- **How to complete this task**
Once "A stylish couple" turns up in a line below, reproduce that line and those after it exactly, stopping after the line with "本堂裏庭には苔むした美しい斜"; leave pictures out.

Data for review section start

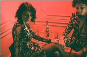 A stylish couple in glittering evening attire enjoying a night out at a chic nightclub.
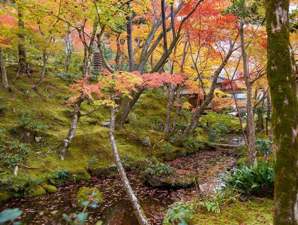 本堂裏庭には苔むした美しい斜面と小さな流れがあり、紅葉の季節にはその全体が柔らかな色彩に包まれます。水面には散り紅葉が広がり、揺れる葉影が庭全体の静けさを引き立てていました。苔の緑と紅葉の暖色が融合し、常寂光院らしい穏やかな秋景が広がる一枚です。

Data for review section end
Data for review section start

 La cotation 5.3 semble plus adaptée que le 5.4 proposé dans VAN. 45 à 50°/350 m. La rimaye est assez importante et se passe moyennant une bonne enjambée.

Data for review section end

- **Written response**
 A stylish couple in glittering evening attire enjoying a night out at a chic nightclub.
 本堂裏庭には苔むした美しい斜面と小さな流れがあり、紅葉の季節にはその全体が柔らかな色彩に包まれます。水面には散り紅葉が広がり、揺れる葉影が庭全体の静けさを引き立てていました。苔の緑と紅葉の暖色が融合し、常寂光院らしい穏やかな秋景が広がる一枚です。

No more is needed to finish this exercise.